Today, Tubman is the most known of these three women. Wright’s sister, Lucretia Coffin Mott, is the better-known reformer, and Frances Seward is most easily identified through her husband, then New York governor and U.S. Secretary of State William H. Seward. All three women called Auburn, N.Y., home and supported one another over decades. Their overlapping worlds and influences weave through the narrative, along with insights relating to other well-known figures such as Frederick Douglass, John Brown, William Lloyd Garrison, Elizabeth Cady Stanton, Susan B. Anthony, Abraham Lincoln, and many more. Of course, Martha’s notable Quaker sister, Lucretia, slips in throughout. The anecdotes and deeply researched details humanize both the protagonists and those they encounter on the world stage.
By centering these three activists, Wickenden provides compelling observations.
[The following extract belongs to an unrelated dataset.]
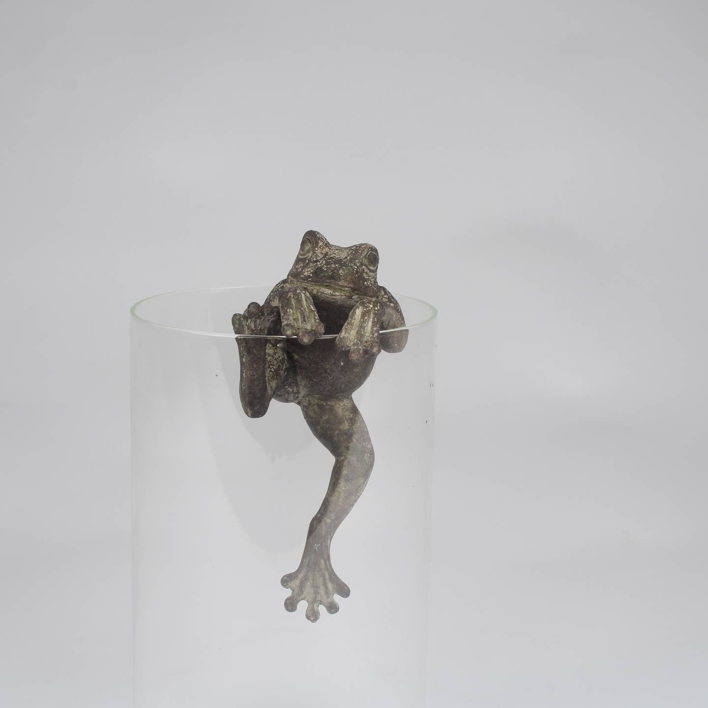 This resin frog is designed to hang off the edge of a plant pot and add a little charm to your garden.

She highlights the influences of background, identity, relationships, and personality on the choices and actions people are led to take at crucial points in their lives. While each of the three women could fill a full-length biography with just her own life, the decision to bring them together demonstrates the importance of community and relationships beyond the single story. Each had a role to play.
Wright was publicly known at the time as an agitator for abolition and women’s suffrage. Seward’s influence was more behind the scenes in her lifetime but brought to light by surviving correspondence connecting the Auburn story to national political intrigues. Harriet Tubman’s multiple roles through her long life are especially compelling, as she spends much of the story traveling in service to her life’s work to end enslavement while also supporting her family. Including Tubman’s voice and experiences provides an essential counter narrative to traditional presentations of nineteenth-century womanhood and women’s activism. Pairing her life story with those of other women leaders of the era connects the dots for a more complete history.
The Agitators is a book that takes the reader through decades of reform and crises with timeless themes of love for family, frustrations with power and disunity, and commitments to justice.
Gwen Gosney Erickson is a member of Friendship Meeting in Greensboro, N.C., and Quaker archivist at Guilford College.